Severe anemia, irregular blood coagulation, respiratory issues, kidney failure, metabolic acidosis, low blood pressure, hemoglobinuria, and hypoglycemia are among the other signs and symptoms.

It can be life-threatening if not treated promptly and effectively. There will be almost little chance of recovery.

This disease kills hundreds of thousands of people every year, and it kills significantly more in third-world countries.

Malaria Sickness Treatment

It is critical to understand how to treat Malaria once the symptoms have been identified.

The major goal of treatment is to get the parasite out of the affected person’s body.

The World Health Organization endorses ACT, or Artemisinin-based Combination Theory. Artemisinin, often known as sweet wormwood, reduces the number of parasites in the body for the first three days before being removed with the help of a partner medicine that is administered.

The drugs prescribed to the patient are determined by factors such as the parasite species present in the body, the severity of the symptoms, and the body’s drug-resistance capacity.

The following are the most commonly prescribed medications by doctors:

  • Chloroquine (Aralen)
  • Doxycycline (Adoxa, Atridox)
  • Quinine (Qualaquin)
  • Mefloquine (Lariam)
  • Atovaquone (Malarone)
Home Remedies for Malaria: Herbal Treatments for Malaria in Nigeria

Malaria can be treated with anti-malaria medications, but there are also effective home treatments for the disease.

If a person does not believe in western medicine, a minor case of Malaria can be treated with natural home remedies that have proven to be beneficial in the past.

  • Apple Vinegar
  • Ginger Water
  • Cinnamon and Honey Water
  • Fresh Juice
  • Herbal Tea and Milk
Some of them are as follows:
  1. Apple Cider Vinegar

Apple Cider Vinegar combined with water, soaked in a towel, and applied on calves for 10-12 minutes

  1. Ginger Juice

Boil ginger in water and consume 1-2 cups every day.

  1. Honey and Cinnamon Water

In a pot of water, bring cinnamon and pepper powder to a boil. Drink the filtered water with honey 1-2 times a day.

  1. Fruit Juice

On a regular basis, drink 2-3 glasses of orange juice, sweet lime juice, or grapefruit juice.

  1. Milk and herbal tea

Every day, drink 2 cups of herbal tea or turmeric milk.
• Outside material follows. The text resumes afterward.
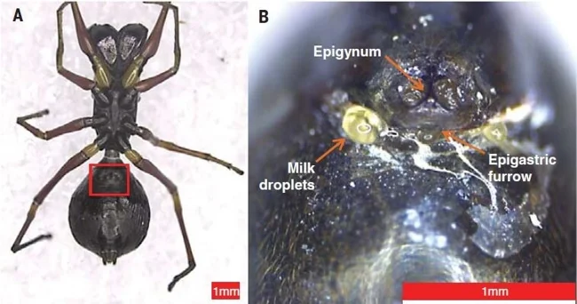 В процессе наблюдения исследователи натолкнулись на нарушение закона сохранения материи: самка питалась за пределами гнезда и пропитание домой не носила, но за 20 дней паучата выросли почти втрое! Установив камеры прямо над гнездом, арахнологи обнаружили, что самки оставляют в гнезде капельки вязкой белёсой жидкости. А паучки высасывают их по мере необходимости.

How can Malaria be prevented?

Those who have not yet been infected with Malaria always have one thing in mind: how may Malaria be prevented?

There are a number of techniques to protect yourself from being bitten by a Malaria insect/mosquito during the rainy season.

  • Bed Nets – Use an insecticide-treated net to cover the entire room
  • Cover up – In such seasons, it is recommended that you dress fully so that your body is not exposed to mosquitoes and you remain safe. Alternatively, a small layer of natural insect repellent ointment can be used.
  • Mosquito Repellent Spray – Mosquito repellent sprays are a typical solution for people who want to avoid mosquito bites.
  • Mosquito Repellent Lotion – Using a lotion that can be applied to the entire body is an excellent approach to avoid becoming infected.